No hay manera de que al cruzarme con los monolitos del Rotary, esta historia o alguno de sus elementos, no reaparezca en la superficie. Para mi familia materna, la muerte de Rúben fue una herida insuperable; como si se desatara un nudo en el que se apoyaba toda la red, todo el tejido. Uno tras otro, la línea de mayores, pero también la de adultos, fueron muriendo –todos de cáncer– en un lapso que no llegó a diez años.
Pero salvo esta historia, no es mucho lo que recuerdo de Rúben. Recuerdo su casi defensiva incapacidad para hablar en serio; su estatura mediana, su contextura macisa, su pelo corto y crespo. Recuerdo también sus entusiastas promesas de llevarme a pescar y de ir juntos a la cancha (los dos éramos del mismo club). Y no mucho más. Tal vez si ahora esta historia tomó un poco más de consistencia en mi cabeza y me hizo ordenar algunos de sus fragmentos, fue porque últimamente me ronda la idea de que todas las vidas soportan, con variaciones, alguna desgracia. Pero que quizá, como el baúl de los ilusionistas o la casa-local de mi amigo de la infancia, la peor de todas las desgracias, la verdadera, sea no lograr despegarse de ella; no hallar la forma de desencarnar lo suficiente esa voluntad trágica, íntima y acaparadora. ¿De qué depende esa posibilidad? ¿Por qué hay vidas que prosperan, incluso en horribles circunstancias, y otras que sucumben o se desintegran en el tiempo, a pesar de no recibir en apariencia golpes tan duros? Hasta ahora no he podido encontrar respuestas que me convenzan, o conformen.

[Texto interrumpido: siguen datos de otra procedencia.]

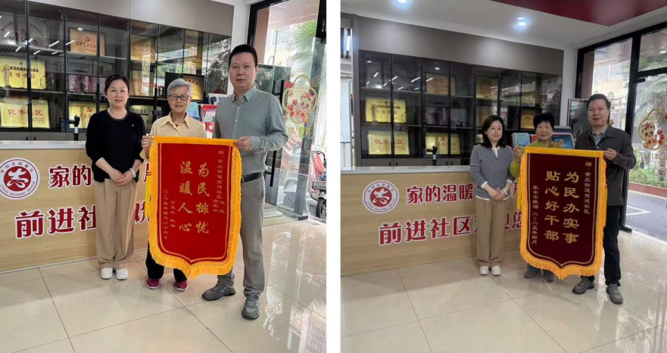 前进社区胜利中路156号小区2楼、3楼居民代表将两面印有“为民排忧 温暖人心”“为民办实事 贴心好干部”的锦旗送到社区党群服务中心,感谢社区、街道城管科及村居法律顾问历时两个月的耐心调解,成功化解因卫生间马桶下水管道堵塞引发的邻里矛盾。

Pero si veo algún monolito del Rotary, a veces vuelvo a aquella noche del casamiento donde, separados, sin vernos, los dos fuimos felices. Yo afuera, jugando y corriendo, y Rúben adentro, con zapatos negros bien lustrados, pantalón de vestir y camisa, habiéndose quitado la corbata, muy transpirado, supongo, sobrellevando con alegría si no con euforia toda la serie de ritos paganos: las fotografías en cada mesa, el vals, las ligas, la torta blanca de varios pisos, el trencito largo y ebrio del carnaval carioca.